** Opening THE DATA block **
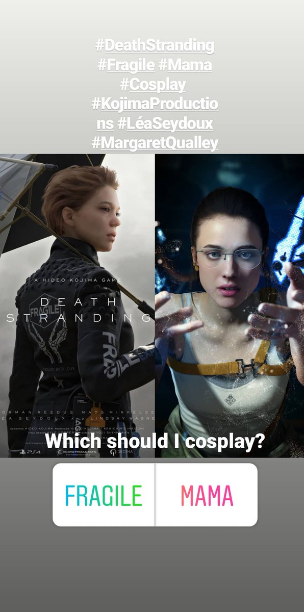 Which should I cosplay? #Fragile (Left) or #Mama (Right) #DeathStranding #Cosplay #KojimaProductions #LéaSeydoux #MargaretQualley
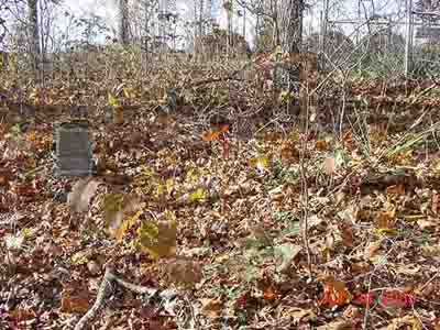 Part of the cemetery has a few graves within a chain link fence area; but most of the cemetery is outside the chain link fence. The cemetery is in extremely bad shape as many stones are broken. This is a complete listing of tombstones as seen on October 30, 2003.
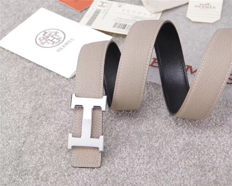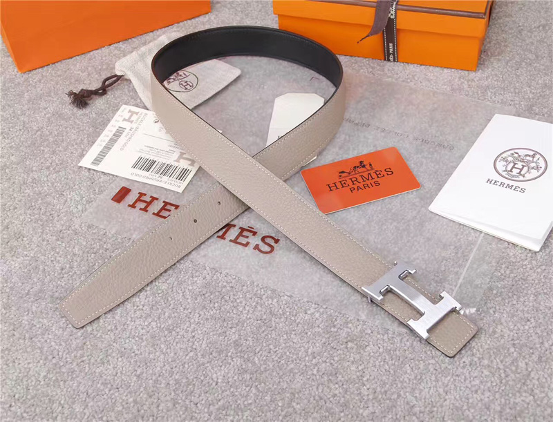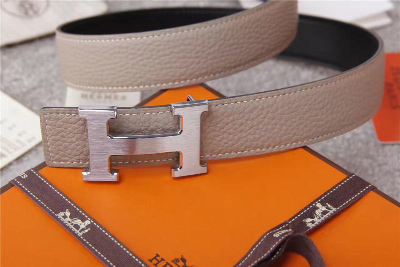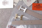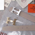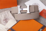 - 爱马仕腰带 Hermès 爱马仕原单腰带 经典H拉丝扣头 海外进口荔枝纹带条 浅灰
** Closing THE DATA block **
** Opening THE DATA block **
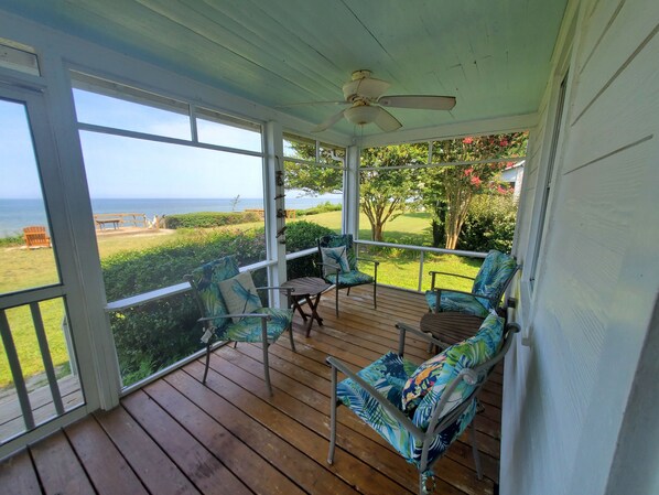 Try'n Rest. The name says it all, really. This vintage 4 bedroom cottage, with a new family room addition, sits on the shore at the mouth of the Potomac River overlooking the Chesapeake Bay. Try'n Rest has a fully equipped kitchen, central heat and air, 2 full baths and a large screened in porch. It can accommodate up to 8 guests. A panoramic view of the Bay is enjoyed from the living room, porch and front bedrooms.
** Closing THE DATA block **
### YOUR TASK
Every line above in the stretch from the one with "Which should I" through the one with "- 爱马仕腰带 Hermès 爱马仕原单腰带 经典H拉丝扣头 海外进口荔枝纹带条 浅灰" is to be transcribed exactly, ends included. No picture is copied.

### OUTPUT OF THE EXERCISE
 Which should I cosplay? #Fragile (Left) or #Mama (Right) #DeathStranding #Cosplay #KojimaProductions #LéaSeydoux #MargaretQualley
 Part of the cemetery has a few graves within a chain link fence area; but most of the cemetery is outside the chain link fence. The cemetery is in extremely bad shape as many stones are broken. This is a complete listing of tombstones as seen on October 30, 2003.
 - 爱马仕腰带 Hermès 爱马仕原单腰带 经典H拉丝扣头 海外进口荔枝纹带条 浅灰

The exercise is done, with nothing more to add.